Я гадаю, что он хочет этим сказать, но он продолжает:
– Тебе было всего два года, когда она… – Он не заканчивает фразу. «Когда она уехала» – хотел он сказать? Не «когда умерла», а «когда уехала». Я уже готова усмотреть в этом прогресс, но не делюсь с ним своей надеждой. Лучше действовать потихоньку. Он уже разговаривает со мной на эту тему – это ли не успех? Нельзя его спугнуть.
– Еще у мамы была подруга, – продолжает он уже не так уверенно. – Когда отец работал, она всегда была у нас. Мне она не нравилась.
Если мама осталась жива, то наверняка говорила кому-то, где жила. Лучшая подруга – именно тот человек, который мне нужен. У меня сильно колотится сердце.
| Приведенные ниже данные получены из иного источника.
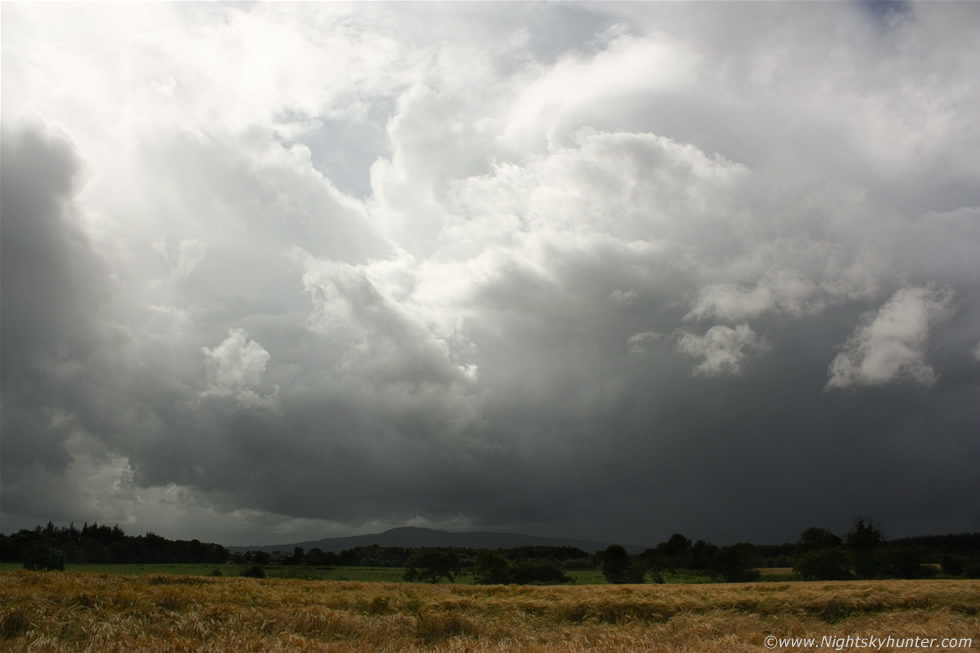 August 29th 2012. 1200 CAPE, LI's -4 in a SWly flow, Sky Warn UK had issued a severe thunderstorm watch and TORRO had a convective discussion released followed by a tornado watch. I recall being up all night watching the radar for night storms and eventually got to sleep at 06.00 then by 07.00 I was up again for round two monitoring the follow up daytime storms. Things had kicked of early, by midday a cluster of showers below the border exploded to life and turned into a line of thunderstorms once they crossed into N. Ireland as they slowly moved NE, I knew they would hit the mid Ulster area by early afternoon and I was ready for them. This line of storms was severe with huge tops because once the storm crossed the border I could see its various anvils and towers well up in the sky from Maghera!. I headed out chasing and targeted Glenshane Pass then took a minor road I had never been on before to seek a more quiet location, this road was just small enough for one car with very tall hedges on each side which blocked the sky, at one stage I parked and stood on the car roof so I could check the sky, I then found an opening in the ditch beside an old iron gate which was just about large enough to fit my car so I took a chance and parked there despite all the thorns visible around the wheels. I climbed the gate and set up my gear in this huge field of wheat which felt absolutely awesome, this atmospheric experience instantly puts a smile on my face even now as I write this. The smell of the field was strong as I stood waist deep within a sea of orange and brown stalks which gently stirred in the breeze then as the storm approached the wind swept an invisible hand across the grass like a gust across the ocean, it was pure magic as sweat dripped down my face in the heat and humidity. Here is the storm, that big line had split into two sections, the left section lacked any cloud structure however the sky was pitch black in that direction and I saw a lot of lightning and heard a shocking amount of thunder as that storm passed over Lough Neagh, Maghera and further NE into Antrim. The Right side was directly in front of me with it's dark base and heavy precip core over Slieve Gallion and rain free base behind, above you can see towers and an anvil as the storm moved past from left to right disturbing the wheat even more with thunder before it finally crossed the Sperrins heading for Co. Derry where it delivered more c-g lightning. This part of the line had the best structure and the view of it over the field made for a fantastic memory. My car roof still has a dent where I stood on it from this chase! * All images are available for sale in the form of photo prints, canvas or digital files for licensing, if you are interested in a purchase simply drop me an email. |

– Вряд ли ты помнишь, как ее звали…
Опять пауза.
– Нет, – говорит он с сомнением. – Все это было так давно…
– Какой она была? – спрашиваю я, готовая ухватиться за любую соломинку.
– Толком не помню. У нее были длинные черные волосы. Я подбирал их по всему дому. А еще у нее была татуировка на руке, единорог. Тогда ни у кого не было татуировок. Это было необычно.
Там, у Майкла, слышен детский крик. Мэриэнн интересуется, долго ли еще он будет разговаривать.
– Извини, Ка, – говорит он, – но мне уже пора. У Зары в школе концерт, нам пора ехать, а то опоздаем.
– Ничего страшного, – говорю я. – Передай от меня Заре пожелания успеха. Скоро еще поговорим.
– Поговорим. Пока. – Он кладет трубку.
Я просовываю голову в дверь, проверяя, как там отец, но он уснул в своем кресле. Я тороплюсь к компьютеру и загружаю поисковый сайт. Теперь, зная фамилию матери, я пишу в строке поиска «Энн Кемп 1959» – это год ее рождения. Должно же существовать свидетельство о рождении! Но на экране появляется уже знакомая мне надпись красными буквами:
«Очень жаль, мы не обнаружили результатов, соответствующих вашим критериям поиска».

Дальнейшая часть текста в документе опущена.